Is there a non-trivial arithmetic progression of positive integers such that every number contains the digit $2?$

Question

Let $X:=\{$ positive integers that contain the digit $2\}$

For fixed $m,n\in\mathbb{N},$ define the A.P. $S_{m,n:=}\ \{m,\ m+n,\ m+2n, \ldots\}\ .$

I am interested in $S_{m,n}\cap X,$ and $S_{m,n}\cap (\mathbb{N}\setminus X).$

It is clear that $ S_{2,10}\subset X $ and so $\vert S_{2,10}\cap X\vert = \infty.$

Next, observe that $X$ has natural density $1$: In order for a number with $10^6$ digits to have no $2'$s, the first digit must not be $2,$ ($8$ out of $9$ ways), and the next $999999$ digits must not be $2,$ ($9$ out of $10$ ways for each of the $999,999$ digits) - so $8*9^{999999}$ out of $9*{10}^{999999}.\quad \frac{8*9^{999999}}{ 9*{10}^{999999}}= \left(\frac{8}{9}\right)\left( \frac{9}{10} \right)^{999999} \approx 0.$ So relatively speaking, there are very few numbers with no digit $2.$

The question:

As already mentioned, there is a subset of $X$ that is an infinitely long A.P, for example, $S_{2,10}.$ Is there a non-trivial infinitely long A.P., $S_{m,n}$, that is also a subset of $X?$ $S_{2,10}$ is "trivial" because the last digit of all members of this A.P. is $2.$ Non-trivial, therefore, means that the $k-$th - last digit of every member of $S_{m,n},$ is not $2,$ for every $k.$ In other words, $2$ appears in every member of $S_{m,n},$ but it's place value keeps changing (more precisely, it isn't in the same position in every member of $X$.)

In all of the above, the number $2$ was arbitrary, and the answer is probably the same if we replace $2$ with any other digit.

I suspect the answer is yes, but that such a number will have a large amount of digits. On the other hand, the answer may be "no" due to some application of, for example, Dirichlet's approximation theorem.

Answer 1

Every arithmetic sequence, in the nontrivial sense described by OP, contains a number whose digits are all $0$ or $1$.

I will show, if there is an $S_{m,n}\subset X$, then we may assume $n$ is coprime to $10$. Then, take a subsequence, assume that $n=10^k-1$. Then spread out all the digits of $m$, find an $m'$ in the sequence with all digits $0$ or $1$.

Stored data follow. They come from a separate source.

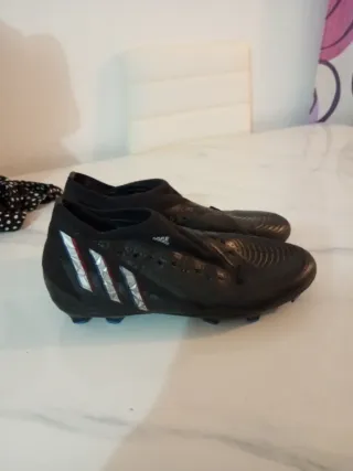 Zapatillas de tacos Adidas en llamativo color rojo con detalles en negro. Perfectas para la práctica deportiva. - Diseño deportivo. - Cierre con cordones. Son el número 35, pero tallan pequeñas. Más recomendado para 34.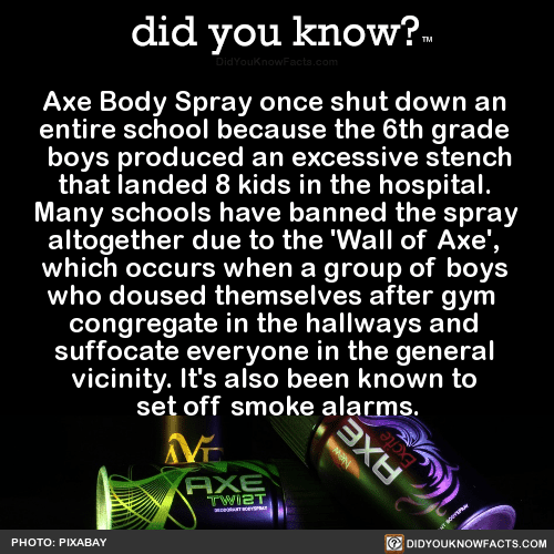Axe Body Spray once shut down an entire school because the 6th grade boys produced an excessive stench that landed 8 kids in the hospital.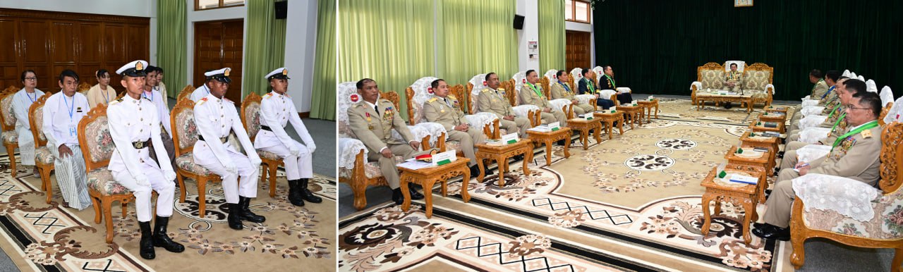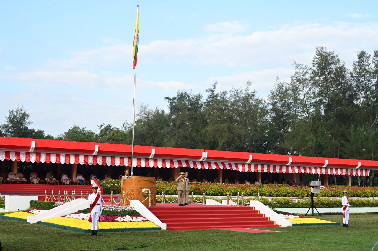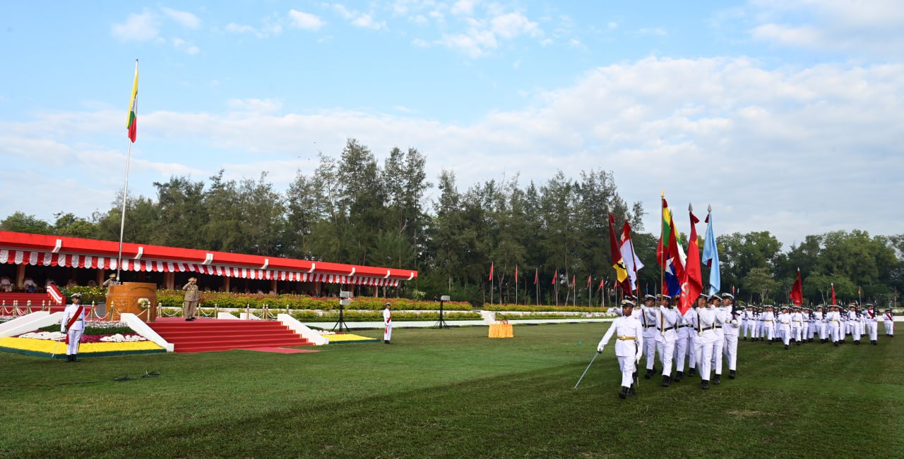 တပ်မတော်ဆေးတက္ကသိုလ်၊ ဗိုလ်လောင်းသင်တန်းအမှတ်စဉ်(၂၆) သင်တန်းဆင်း ဂုဏ်ပြုစစ်ရေးပြအခမ်းအနားကို ယနေ့နံနက်ပိုင်းတွင် ရန်ကုန်မြို့ရှိ တပ်မတော် ဆေးတက္ကသိုလ်စစ်ရေးပြကွင်း၌ ကျင်းပပြုလုပ်ရာ နိုင်ငံတော်လုံခြုံရေးနှင့် အေးချမ်း သာယာရေးကော်မရှင် ဥက္ကဋ္ဌ တပ်မတော်ကာကွယ်ရေးဦးစီးချုပ် ဗိုလ်ချုပ်မှူးကြီး သတိုး မဟာသရေစည်သူ သတိုးသီရိ သုဓမ္မ မင်းအောင်လှိုင် တက်ရောက်မိန့်ခွန်း ပြောကြား သည်။

As noted by @GeoffreyTrang, we can assume $n$ is not a multiple of $10$.

If $n$ ends in $5$, then either $S_{m,2n}$ or $S_{m+n,2n}$ don't end in $2$. So we can find $m'$ with $S_{m',n/5}\subset X$. So we can assume $n$ is not a multiple of $5$.

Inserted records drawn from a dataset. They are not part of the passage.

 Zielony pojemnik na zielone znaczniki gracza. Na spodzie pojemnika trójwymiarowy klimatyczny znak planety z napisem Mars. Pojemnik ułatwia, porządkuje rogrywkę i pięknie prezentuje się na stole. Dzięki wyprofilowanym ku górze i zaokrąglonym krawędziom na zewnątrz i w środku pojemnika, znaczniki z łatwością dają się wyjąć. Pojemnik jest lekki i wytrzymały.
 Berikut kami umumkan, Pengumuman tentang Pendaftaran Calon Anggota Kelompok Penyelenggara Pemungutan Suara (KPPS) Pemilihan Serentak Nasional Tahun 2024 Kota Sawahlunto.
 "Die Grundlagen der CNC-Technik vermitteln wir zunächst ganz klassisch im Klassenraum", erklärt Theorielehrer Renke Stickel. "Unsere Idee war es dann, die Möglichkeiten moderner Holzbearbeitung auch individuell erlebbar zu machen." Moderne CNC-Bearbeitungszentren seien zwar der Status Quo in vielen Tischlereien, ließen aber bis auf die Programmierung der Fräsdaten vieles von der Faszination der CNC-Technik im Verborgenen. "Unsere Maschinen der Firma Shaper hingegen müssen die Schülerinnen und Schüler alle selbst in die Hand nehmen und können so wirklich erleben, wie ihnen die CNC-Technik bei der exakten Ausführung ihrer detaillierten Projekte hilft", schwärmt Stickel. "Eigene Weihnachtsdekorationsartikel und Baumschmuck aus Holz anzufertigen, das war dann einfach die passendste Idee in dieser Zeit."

Similarly we can assume $n$ is not a multiple of $2$.

Consider the remainders of powers of $10\pmod n$ Two of them must be equal, say $10^j=10^{j+k}\pmod n$. $n$ is coprime to $10^j$ so there is a $p$ with $np=10^k-1$. By taking a subsequence of our original $S$, let the new $n'=10^k-1$.

Write $$m=\sum 10^{a_i}\\ eg. 23=10+10+1+1+1$$ For example, if $n'=999$, then $20=10010\pmod{999}$ and $3=1001001\pmod{999}$. So $23=1011011\pmod{999}$. In this way, any number $m$ is equivalent $\pmod{10^k-1}$ to a number that contains only $0$s and $1$s. This number is in the sequence.
This contradiction shows that no nontrivial $S_{m,n}$ is a subset of $X$.